An estimated 600 stillbirths annually could be prevented if maternity units adopt national best practice according to an independent evaluation, which includes University of Manchester experts
Clinical improvements such as better monitoring of a baby’s growth and movement in pregnancy, as well as better monitoring in labour, means that maternity staff have helped save more than 160 babies’ lives across 19 maternity units, according to an independent evaluation due to be published today
The detailed report shows that stillbirths fell by a fifth at the maternity units where national guidance, known as the Saving Babies Lives Care Bundle, had been implemented. The best practice guidance is now being introduced across the country and has the potential if these findings were replicated, to prevent an estimated 600 stillbirths.
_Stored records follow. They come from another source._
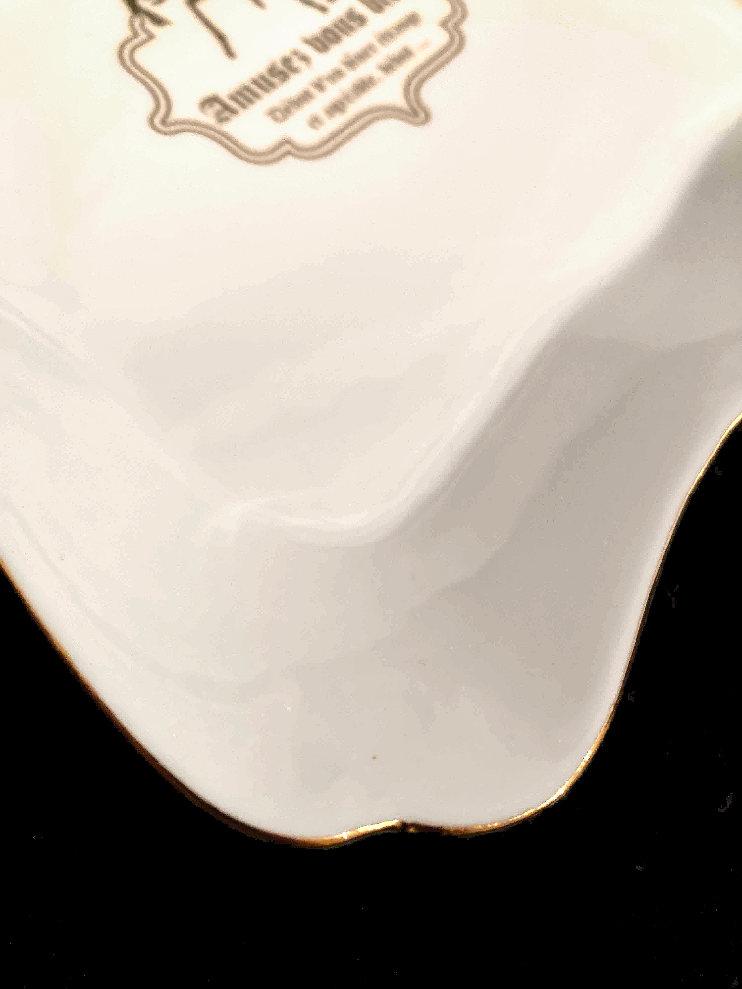 縁に金彩が施された、高級感あふれるデザイン。フリルが華やかさをプラスしており、おもてなしのシーンや、特別な日にもぴったりです。
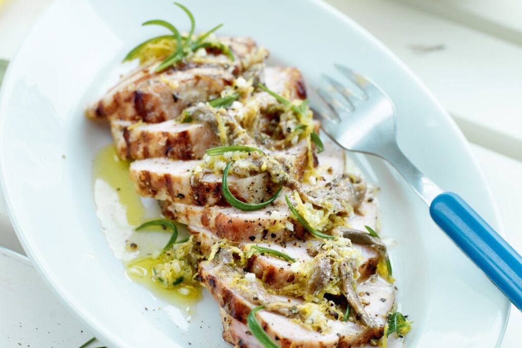 En blandning av klassiska italienska smaker som sardeller, vitlök, citron och rosmarin med skivad, grillad kotlettrad.
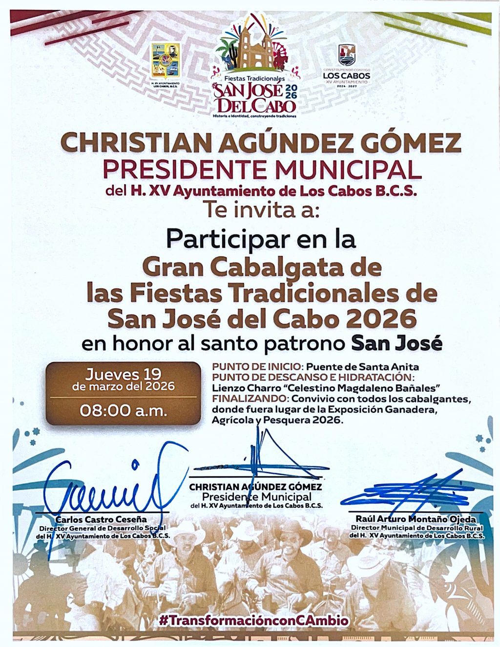 Los Cabos, Baja California Sur | 5 de marzo del 2026.– El XV Ayuntamiento de Los Cabos, a través de la Dirección General de Desarrollo Social, la Dirección Municipal de Desarrollo Rural y el Comité Organizador de las Fiestas Tradicionales San José del Cabo 2026, convocó a jinetes, asociaciones ecuestres y ciudadanía en general a participar en la Gran Cabalgata y en la elección de la Reina de los Cabalgantes.
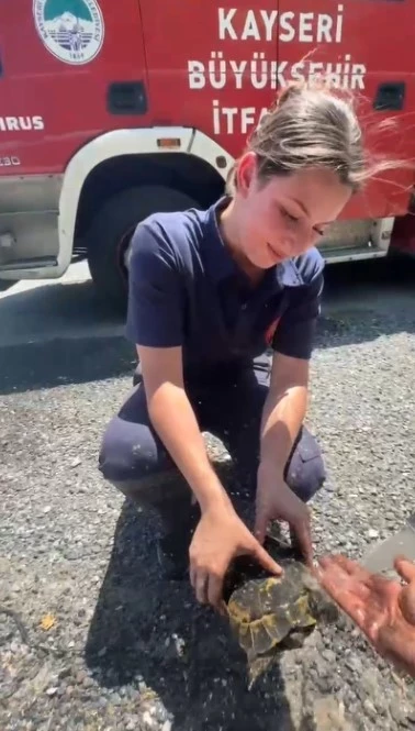 Yangında mahsur kalan kaplumbağaya itfaiyeden yardım eli
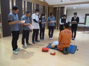 高遊原消防署にご協力いただき、12月7日(木)と12月14日(木)の2日に分けて、心肺蘇生法とAED(自動体外式除細動器)の取り扱いについての内部研修を行いました。
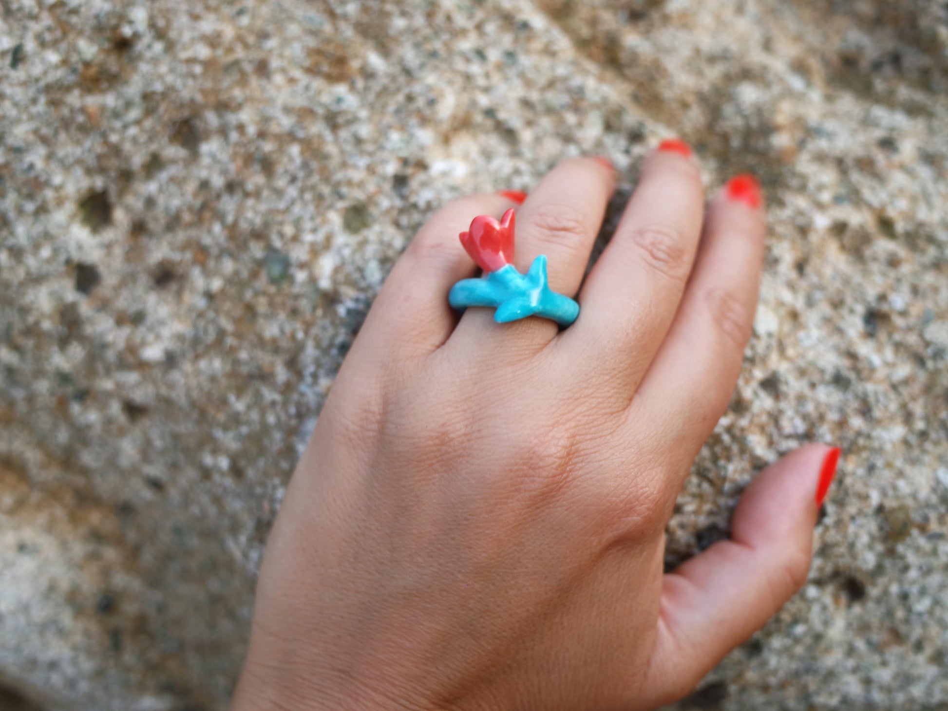The ring was hand formed in porcelain, painted, glazed and fired twice up to temperature of 1240 C degrees.
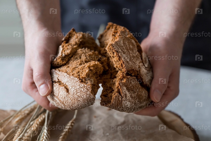 Свежий вкусный хлеб в руках мужчины-пекаря крупным планом. Свежеиспеченный хлеб на закваске с золотой корочкой на деревянной доске. Контекст пекарни с вкусным хлебом. Кондитерские изделия
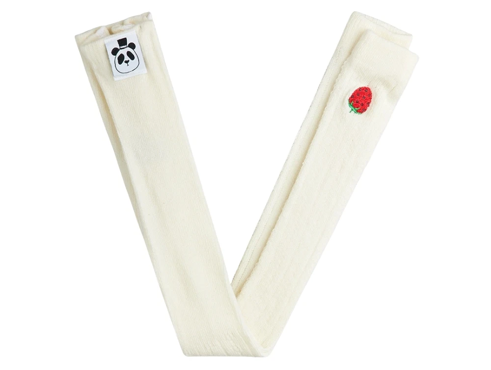 Pointelle leggings i hvid nuance fra Mini Rodini med broderet jordbær og panda-logo.
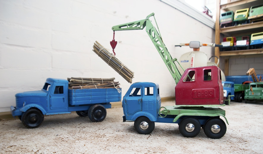 «Всё началось с того, что в деревне у бабушки я нашел старые вещи: угольные самовар и утюг, прялку, патефон, керосиновую лампу. И починил их, – рассказывает мастер золотые руки. – Потом стал ходить по соседям и интересоваться старыми вещами. Среди них попадались и советские игрушки. Я с детства любил массивные машинки. Они были пределом моих мечтаний. А тут пошел на рынок и купил большой игрушечный грузовик. Восстановил его, покрасил – и машинка стала как новая».
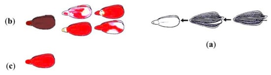 Lethal percentage of seed embryo (L%) and seed dormancy induction (D%); for this purpose, the seeds that did not germinate after five days were cultured in vial without EO for another three days. Seeds that did not germinate after this time were uncoated and immersed in 1% tetrazolium solution (pH = 7) and incubated for 6 h at 30 °C. The endosperm and embryo status were examined using a microscope and the lethality was determined (Formula no. 4). Only seeds that were completely and uniformly colored were considered as live seeds according to the ISTA instructions [24] (Figure 2). With respect to the number of germinated seeds and L%, some seeds were neither germinated nor showed sign of embryo death indicating that they were dormant-induced seeds (Formula no. 5):
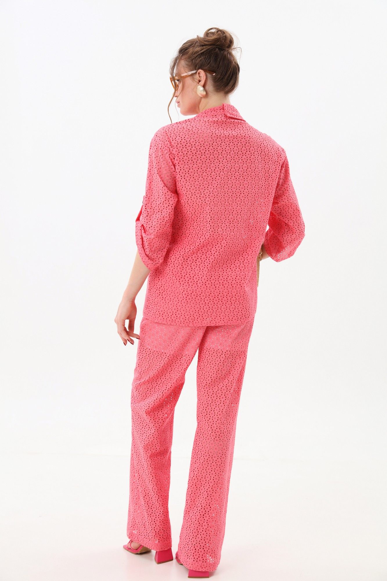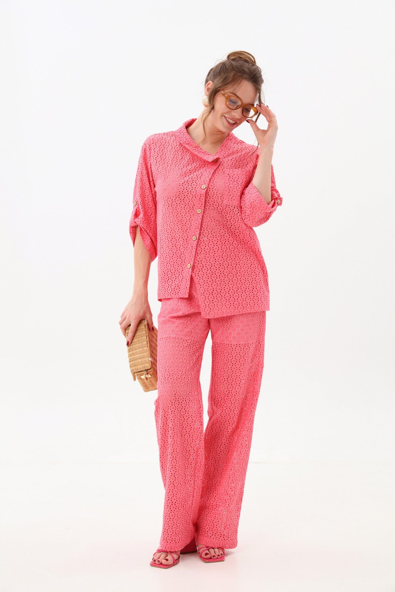 Жакет рубашечного типа прямого силуэта с асимметричным низом. Рукав втачной со спущенной линией плеча, фиксируется на пату. Застежка центральная на петли и пуговицы, смещённая по косой. На левой полочке накладной карман с клапаном. Воротник отложной на стойке до половины спинки.
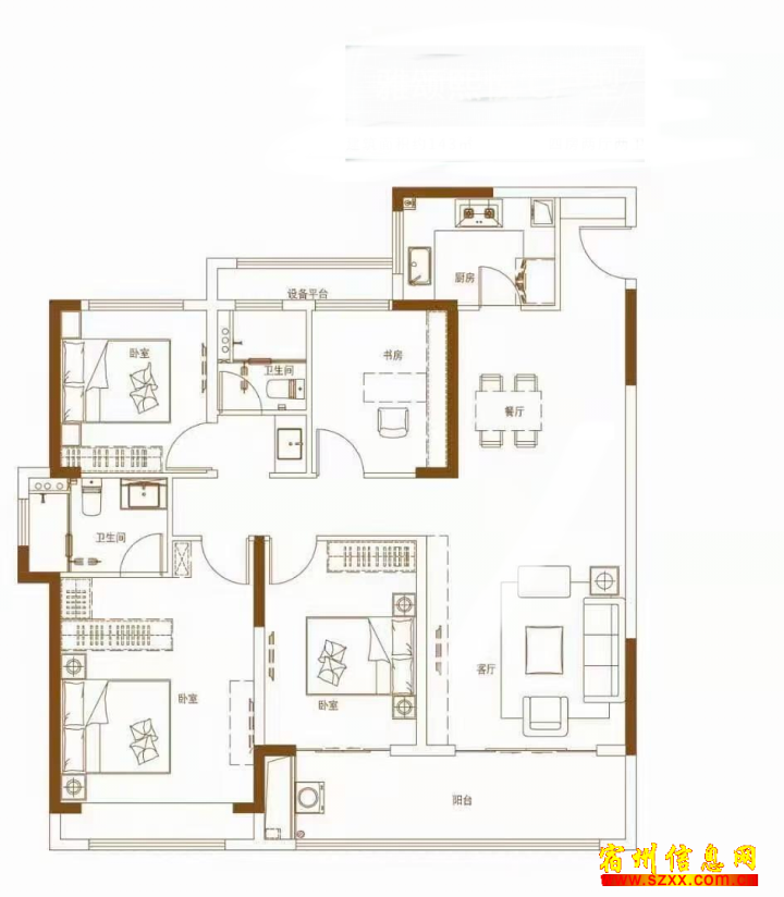 翡翠悦府毛坯150平四室两厅两卫96平
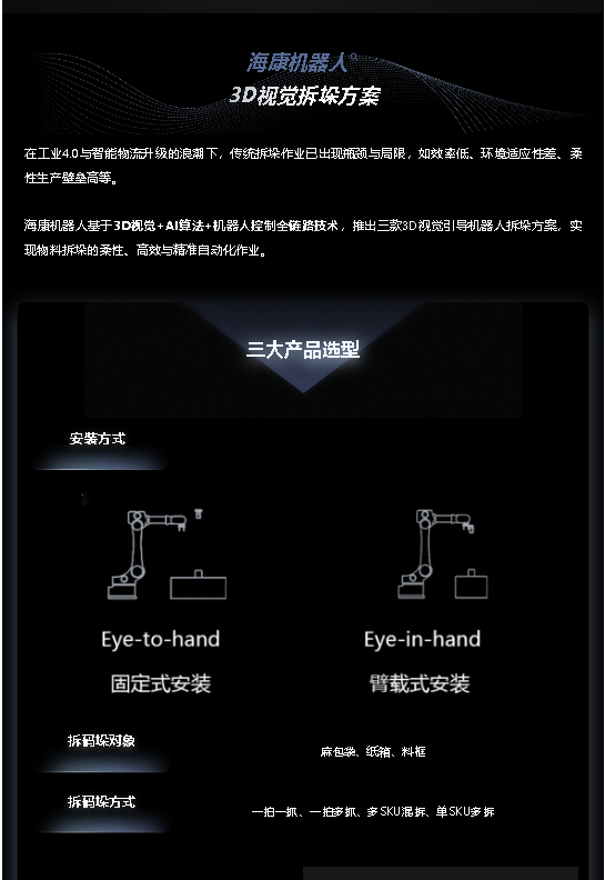 三款选择,精准匹配仓储物流全场景 | 海康机器人3D拆垛方案全新升级
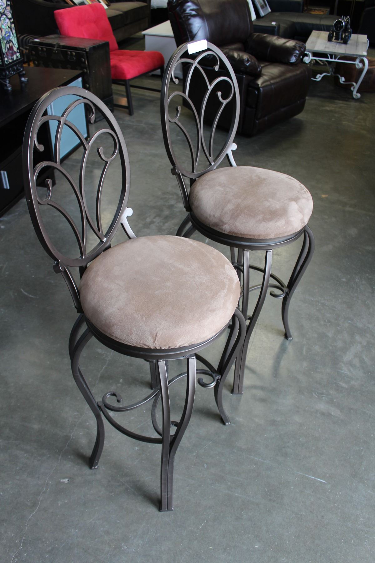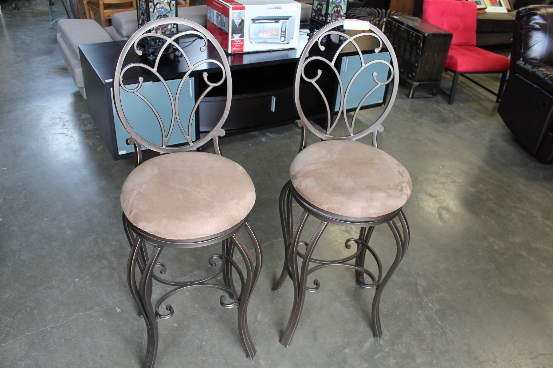 PAIR OF MICROFIBER AND METAL BAR STOOLS
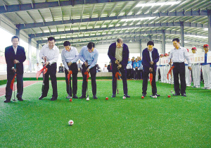 本報(bào)訊 (記者 李鳳霞 宋馨 沈湛 文/圖) 5月5日上午,“中國體育彩票杯”河南省第十二屆老年人體育健身大會(huì)門球交流活動(dòng)在周口體育中心門球館舉行。省老年體協(xié)主席馬憲章,省體育局局長張文深,市委書記、市人大常委會(huì)主任徐光,市長劉繼標(biāo),正市長級(jí)干部李紹彬,市人大常委會(huì)副主任、市老年體協(xié)主席游保峰,省老年體協(xié)副主席王瑋等領(lǐng)導(dǎo)共同為活動(dòng)開球(如圖)。

The Saving Babies Lives Care Bundle is part of ambitious plans by NHS England to make maternity care safer and more personal.
Dr Matthew Jolly, National Clinical Director for Maternity and Women’s Health at NHS England, said:
“These findings show significant progress in the reduction of stillbirth rates. This is thanks to the dedicated maternity staff who have developed and implemented the clinical measures we recommend as national best practice. We know more can be done to avoid the tragedy of stillbirth and as we develop the 10 year plan for the NHS, we want to build on the progress we’ve made to make maternity services in England among the safest in the world.”
Prof Alexander Heazell Professor of Obstetrics, University of Manchester, said:
“This large scale evaluation of the NHS England Saving Babies Lives Care Bundle shows that the interventions to reduce cigarette smoking, detect small for gestational age babies, inform women about reduced fetal movements and improve monitoring of babies during labour, have been increasingly implemented in the early adopter maternity units. Over the same time period stillbirths have fallen by 20%, meaning 161 fewer stillbirths in the participating units.
“This is an encouraging step towards achieving the UK government’s ambition of halving stillbirths by 2025. Importantly, this project has also highlighted areas which need further work – to reduce preterm birth and ensure that intervention is focussed on women and babies who require it. This project shows the importance of continually developing and evaluating the care we give to women and babies.”